If you need only some parts of framework, you can install only them using sub-podspecs. Available subspecs:
- SWCompression/BZip2
- SWCompression/Deflate
- SWCompression/Gzip
- SWCompression/LZMA
- SWCompression/LZMA2
- SWCompression/SevenZip
- SWCompression/TAR
- SWCompression/XZ
- SWCompression/Zlib
- SWCompression/ZIP
"Optional Dependencies"
For both ZIP and 7-Zip there is a most commonly used compression method. This is Deflate for ZIP and LZMA/LZMA2 for 7-Zip. Thus, SWCompression/ZIP subspec has SWCompression/Deflate subspec as a dependency and SWCompression/LZMA subspec is a dependency for SWCompression/SevenZip.
But both of these formats support other compression methods as well, and some of them are implemented in SWCompression. For CocoaPods configurations there are some sort of 'optional dependencies' for such compression methods.
"Optional dependency" in this context means that SWCompression/ZIP or SWCompression/7-Zip will support particular compression methods only if a corresponding subspec is expicitly specified in your Podfile and installed.
List of "optional dependecies":
- For SWCompression/ZIP:
- SWCompression/BZip2
- SWCompression/LZMA
- For SWCompression/SevenZip:
- SWCompression/BZip2
- SWCompression/Deflate
Note: If you use Swift Package Manager or Carthage you always have everything (ZIP and 7-Zip are built with Deflate, BZip2 and LZMA/LZMA2 support).
Carthage
Add to your Cartfile github "tsolomko/SWCompression" ~> 4.5
.
Then run carthage update
.
Finally, drag and drop SWCompression.framework
from Carthage/Build
folder
into the "Embedded Binaries" section on your targets' "General" tab in Xcode.
SWCompression uses BitByteData framework, so Carthage will also download it,
and you should drag and drop BitByteData.framework
file into the "Embedded Binaries" as well.
Usage
Basic Example
If you'd like to decompress "deflated" data just use:
// let data = <Your compressed data>
let decompressedData = try? Deflate.decompress(data: data)
However, it is unlikely that you will encounter deflated data outside of any archive. So, in case of GZip archive you should use:
let decompressedData = try? GzipArchive.unarchive(archiveData: data)
Handling Errors
Most SWCompression functions can throw an error and you are responsible for handling them.
If you look at list of available error types and their cases, you may be frightened by their number.
However, most of these cases (such as XZError.wrongMagic
) exist for diagnostic purposes.
Thus, you only need to handle the most common type of error for your archive/algorithm. For example:
do {
// let data = <Your compressed data>
let decompressedData = try XZArchive.unarchive(archive: data)
} catch let error as XZError {
<handle XZ related error here>
} catch let error {
<handle all other errors here>
}
Or, if you don't care about errors at all, use try?
.
Documentation
Every function or type of SWCompression's public API is documented. This documentation can be found at its own website.
Sophisticated example
There is a small command-line program, "swcomp", which is included in this repository in "Sources/swcomp".

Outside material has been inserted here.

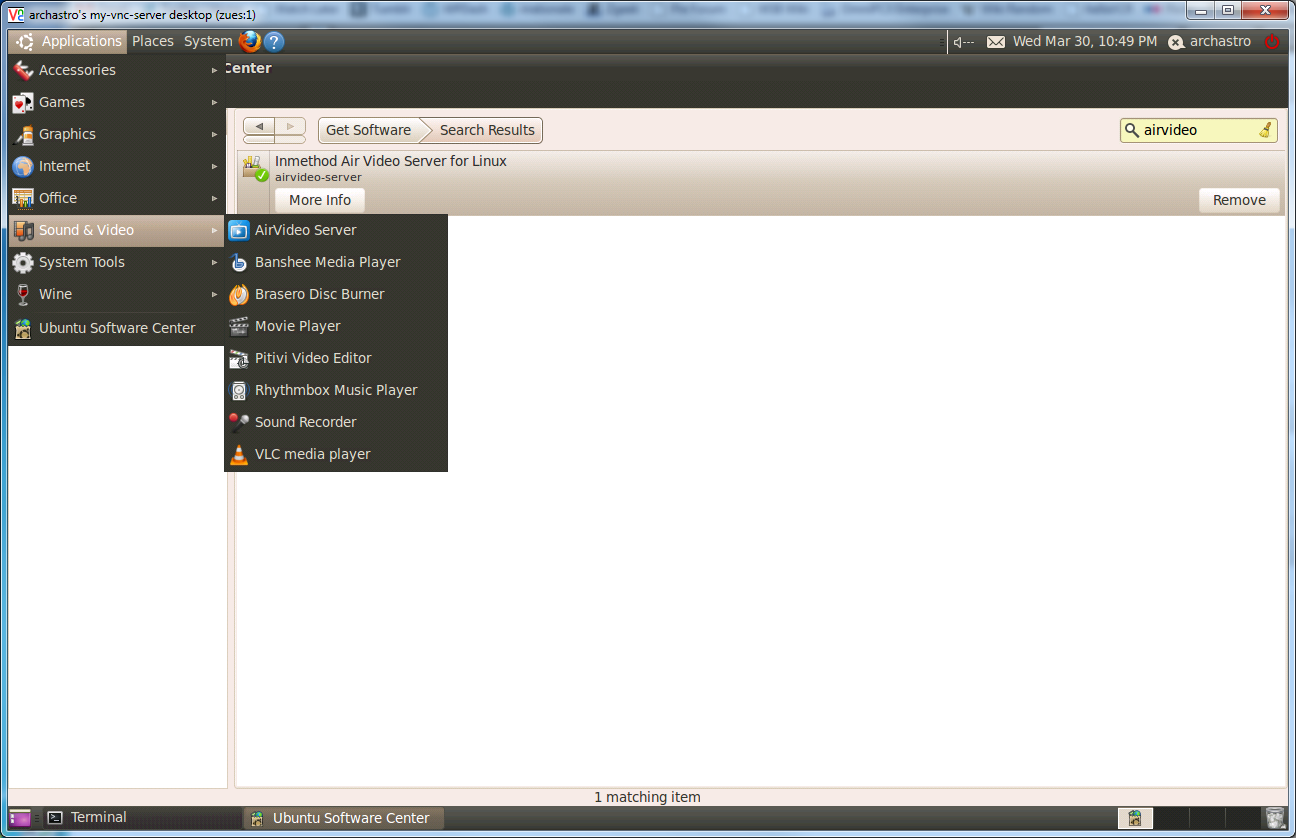 Press Save to commit your changes and you’ll be ready to fire up Airvideo. In the Applications menu, under Sound and Video, you’ll see a new program called AirVideo Server. Click it to start AirVideo.

To build it you need to uncomment several lines in "Package.swift" and run swift build -c release
.
Contributing
Whether you find a bug, have a suggestion, idea or something else, please create an issue on GitHub.

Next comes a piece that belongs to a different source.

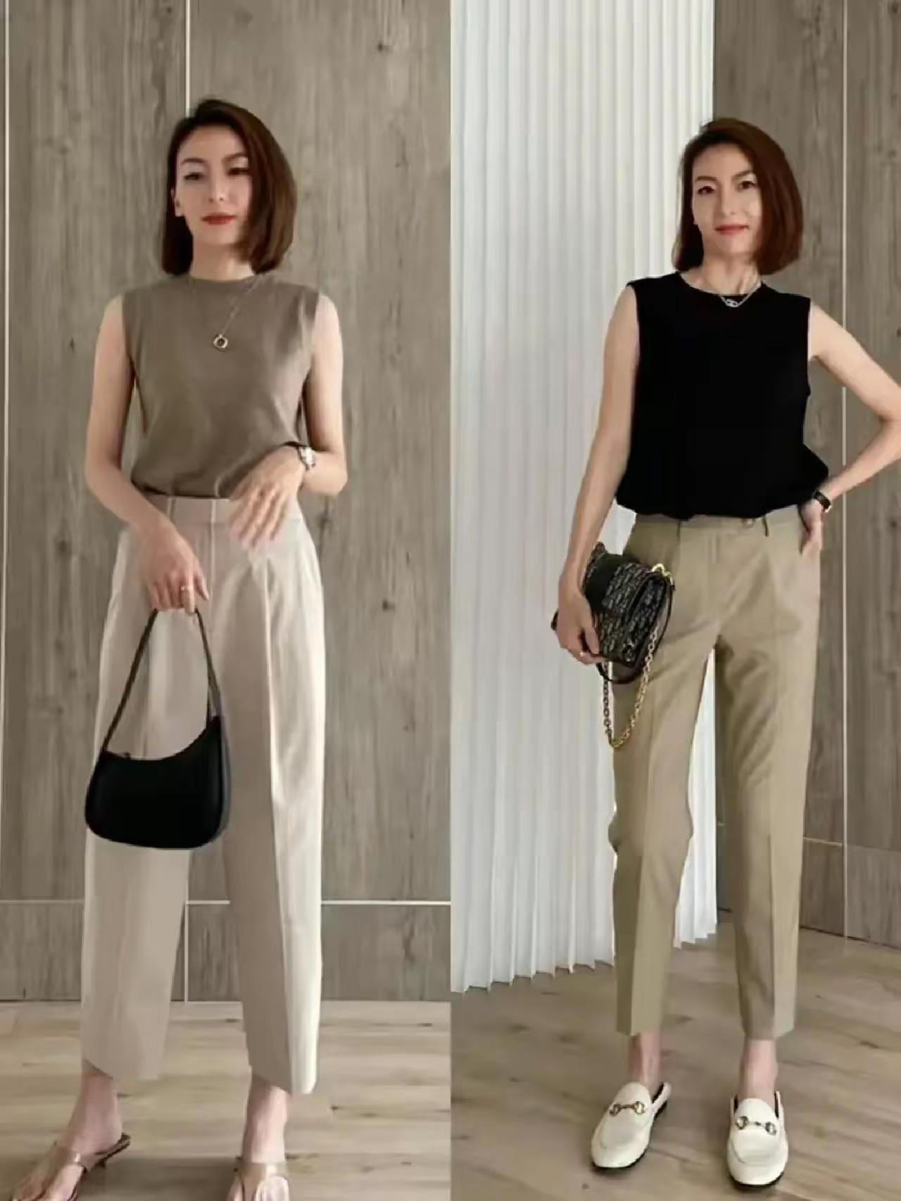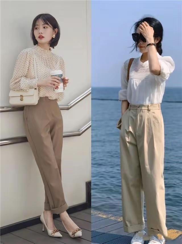 泥褲具體選擇哪一種長度,還是要參考自己的身高、以及腿型。如果你的腳踝比較纖細,更建議大家選擇九分褲的長度。對於小個子而言,九分的卡其色褲子、也更加舒適顯高。

In case you have encoutered a bug, it would be especially helpful if you attach a file (archive, etc.) that caused the bug to happen.
If you'd like to contribute code, please create a pull request on GitHub.
Note: If you are considering working on SWCompression, please note that Xcode project (SWCompression.xcodeproj)
was created manually and you shouldn't use swift package generate-xcodeproj
command.
Executing tests locally
If you'd like to run tests on your computer, you need to do an additional step after cloning this repository:
git submodule update --init --recursive
This command downloads files which are used for testing. These files are stored in a
separate repository.
Git LFS is used for storing them which is the reason for having them in the separate repository,
since Swift Package Manager have some problems with Git LFS-enabled repositories
(installing git-lfs locally with --skip-smudge
option is required to solve these problems).
Note: You can also use "Utils/prepare-workspace-macos.sh" script from the repository, which not only downloads test files but also downloads dependencies.
Performance
Usage of whole module optimizations is recommended for best performance. These optimizations are enabled by default for Release configurations.
Tests Results document contains results of benchmarking of various functions.
Why?
First of all, existing solutions for work with compression, archives and containers have certain disadvantages. They might not support a particular compression algorithm or archive format and they all have different APIs, which sometimes can be slightly confusing for users. This project attempts to provide missing (and sometimes existing) functionality through unified API which is easy to use and remember.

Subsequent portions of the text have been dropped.